A key component is regular review, where organizations reassess risks as threats change, supporting ISO 27001’s principle of continuous improvement. This cyclical approach helps keep the risk management framework adaptable and responsive to evolving security needs.
Additionally, the guide underscores the role of management, recommending their involvement in review and support of risk processes. Management buy-in ensures that security efforts align with strategic goals, encouraging organization-wide commitment.
In summary, the guide helps organizations maintain a robust, adaptive risk management system that meets ISO 27001 standards, enabling proactive risk control. For more detail, you can access the document here.
ISO 27001 certification is more than just a standard; it’s a powerful statement that transforms how your customers perceive your company. This certification represents an unwavering commitment to data security, acting as a digital shield for your business. By safeguarding your most valuable asset—your data—you build unshakeable trust with your customers, showing them that their information is safe in your hands.
Achieving ISO 27001 means your business isn’t just adhering to standards; it’s setting itself apart as a leader in data protection.

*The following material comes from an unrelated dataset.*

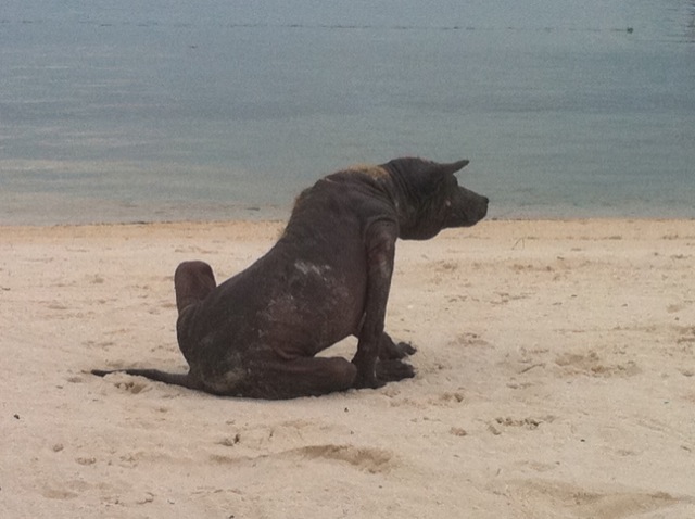 I’ve seen many a type of street dog: the ‘faithful’ that accompanies you for hours, the ‘old fighter’ which can still chew a nice leg, the ‘ambitious king-to-be’ which is always ready to fight, and the ‘ugly one’. This dog is one of the latter category. Without hair except for the top of his back (where he can’t reach with scratching), bite wounds on his nose, and a friendly smile that would melt a heart made of stone. This dog lives in ‘heaven’: right next to a $400 / night resort on an island that would be disqualified for a Bounty commercial as it is unbelievably pretty. He seemed quite happy.Home » Uncategorized » Hell in paradise

This certification opens doors to new opportunities, enabling your business to thrive in an increasingly digital world. It’s about ensuring your business’s long-term sustainability and demonstrating a serious commitment to information security.
ISO 27001 is more than a quality seal; it sends a clear message to the world. It shows that your company prioritizes data protection, adheres to the best practices of information security, and reduces the risk of cyber incidents. It also signals that your business is trustworthy, boosting confidence among customers, suppliers, and business partners. This trust gives you a competitive edge, setting you apart from the competition and attracting new business opportunities.
In essence, ISO 27001 is an investment in the future of your business. It not only helps in improving risk management by identifying and mitigating information security risks but also strengthens your business’s foundation. By demonstrating a strong commitment to data security, you can ensure the longevity and success of your company in today’s digital age.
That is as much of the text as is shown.